I'm reading Buchi Emecheta's novel "The Joys of Motherhood", set in Nigeria around WWII, and there's a bit where the white master addresses his 'house-boy' as 'baboon'. She writes:
"his laughter was inspired by that type of wickedness that reduces any man, white or black, intelligent or not, to a new low; lower than the basest of animals, for animals at least respected each other's feelings, each other's dignity."
I've sometimes drawn a comparison between my experience of bullying and what I imagine it must be like to be the target of racism. There are crucial differences: the people who continually, unpredictably chipped away at my soul in high school were not trying to keep a whole class of people* miserable, afraid, and aware of how unwelcome they were; and once I escaped high school, I escaped them**. There's no such merciful exit for the young hijabi, the Indigenous athlete, the Sudanese refugee - all the Australians who have to cope with harassment from the media and in the street on top of systemic racism.
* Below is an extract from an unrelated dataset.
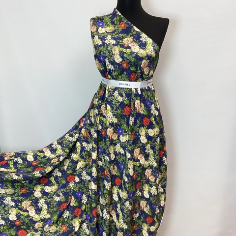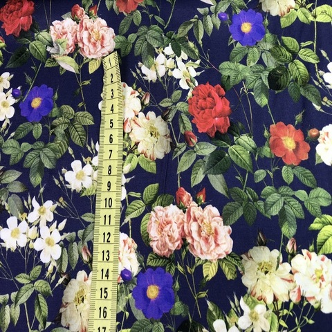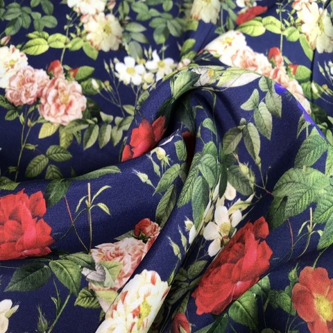 Ткань вискоза плательная. Принт небольшие розочки на синем фоне. Гладкая, легко драпирующаяся фактура. Для пошива платьев, блуз, юбок, сарафанов, костюмов. Походит для оборок и валанов. Комфортная к телу. Италия. Состав 100% вискоза. Ширина 140 см. Допускается небольшое отклонение цветопередачи. Дополнительные фото и видео по запросу.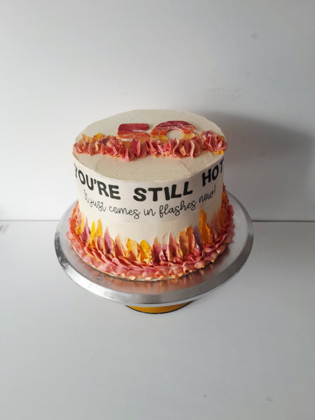 Birthday Cake, "Hot Flash" you're still hot...it just comes in flashes now" birthday cake, 8 inch round, menopause cake, 50th birthday cake

That constant drip-drip-drip is what makes people sometimes suddenly explode over seemingly small insults. I don't know what it's like to live with bigotry day in and day out, but I do know what the drip-drip-drip can do to you. When I read Buchi Emecheta's words, the familiar and infinite rage rose up in me. It's there now, in my chest and arms, almost nauseating. I think she may have been feeling something like the same feeling when she condemned the people who stoop to "that type of wickedness".
* Although there was gender policing involved; I would not have been the only young woman being called a "lemon" for being insufficiently feminine.
** With the exception of the Unpleasantness here in lj, many years ago now, which forced me to deal with the damage from high school - as well as requiring me to broaden my horizons, which led directly to the discovery of Emecheta, now one of my favourite authors.